Sunday, 9 November 2025

The claim to the title "Christian"

I am prompted to reflect on the claim to the use of the title "Christian" by some recent events. On two occasions recently, the Christian symbol of the Cross has been displayed at political demonstrations in London, thereby appropriating to the intentions of those demonstrations the title "Christian". In the United States, the Turning Point movement, essentially political in character, has used the Christian faith of its founder to appropriate a Christian character to the movement. There is also the claim to identify Britain as a Christian country, expressed eloquently by Danny Kruger speaking in the House of Commons:

When I speak of the Church of England today, I am not speaking about the internal politics of the Anglican sect; I speak of the common creed of our country, the official religion of the English and the British nation, and the institution—older than the monarchy, and much older than Parliament—which made this country.

I have three observations:

1. Beware of a use of the term "Christian" in way that leaves an exact meaning unexpressed. In this usage it might refer to anything from structured Christian bodies, such as the Episcopalian Church in the United States or the Church of England in Britain, to completely independent congregations via networks of Evangelical (mega-) churches. In this usage, exactly who or what is the "Christian" that is referenced? If we are not careful, the use of the term has such wide range of possible references that it becomes empty of substantial meaning.

2. Beware of a politics that is, first of all and in principle, a politics but which then wishes to add to itself the descriptor "Christian". This remains first and foremost a politics and, even if its advocates might profess a Christian faith (but see point 1 above), that does not allow the political stance in itself to be called "Christian". As might be said on the London Underground, we need to "mind the gap" and not permit the "Christian" claim of such a politics to establish for it an unwarranted credibility.

3. There are politicians who profess a Christian faith and, on the basis of that faith, advocate for certain positions in their public life. This, however, is a somewhat inverse of the position described at point 2 above. See the words of Pope Benedict below.
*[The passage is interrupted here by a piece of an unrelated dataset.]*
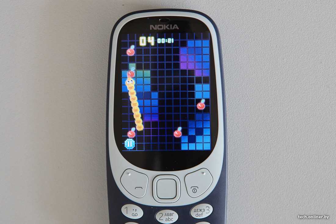 Что касается развлечений, то на Nokia 3310 есть хорошо всем знакомая игра “Змейка”. Сколько ее не пытались переделывать, добавляя новые графические элементы, старая “Змейка” пока остается наиболее быстрой и интересной.

But rather than trying to create a politics that wishes to claim a title of "Christian", Pope Benedict XVI and, more recently, Pope Leo XIV have advocated for a "healthy secularity" in the world of culture and politics.
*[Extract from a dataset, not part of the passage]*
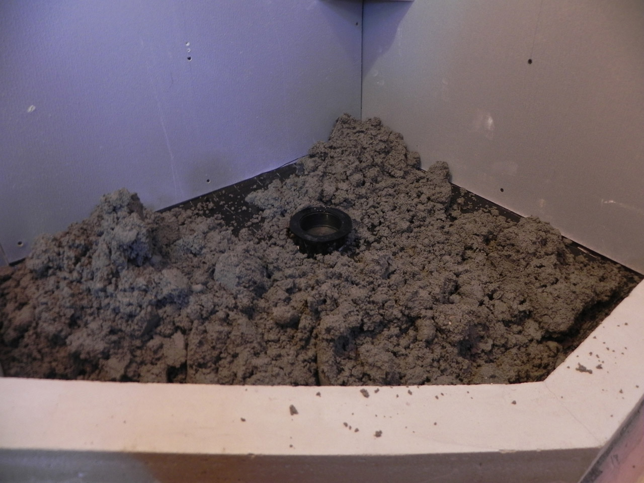 You’ll want a fairly dry (almost crumbly) mix of cement. But not regular concrete with gravel aggregate in it, here we use mason’s mix, which is just portland cement and sand – the same stuff used for brick mortar. Available right next to regular bags of concrete in the store. About three 80lb (36 kg) bags will do a 32″x48″ shower.

Pope Benedict XVI, speaking in Westminster Hall during his visit to the United Kingdom in 2010:

The central question at issue, then, is this: where is the ethical foundation for political choices to be found? The Catholic tradition maintains that the objective norms governing right action are accessible to reason, prescinding from the content of revelation. According to this understanding, the role of religion in political debate is not so much to supply these norms, as if they could not be known by non-believers – still less to propose concrete political solutions, which would lie altogether outside the competence of religion – but rather to help purify and shed light upon the application of reason to the discovery of objective moral principles. This “corrective” role of religion vis-à-vis reason is not always welcomed, though, partly because distorted forms of religion, such as sectarianism and fundamentalism, can be seen to create serious social problems themselves. And in their turn, these distortions of religion arise when insufficient attention is given to the purifying and structuring role of reason within religion. It is a two-way process. Without the corrective supplied by religion, though, reason too can fall prey to distortions, as when it is manipulated by ideology, or applied in a partial way that fails to take full account of the dignity of the human person. Such misuse of reason, after all, was what gave rise to the slave trade in the first place and to many other social evils, not least the totalitarian ideologies of the twentieth century. This is why I would suggest that the world of reason and the world of faith – the world of secular rationality and the world of religious belief – need one another and should not be afraid to enter into a profound and ongoing dialogue, for the good of our civilization.

 Pope Leo XIV speaking to a working group on inter-religious and inter-cultural dialogue:

European institutions need people who know how to live a healthy secularism, that is, a style of thinking and acting that affirms the value of religion while preserving the distinction — not separation or confusion — from the political sphere.  In particular, it is worth noting the examples of Robert Schuman, Konrad Adenauer and Alcide De Gasperi.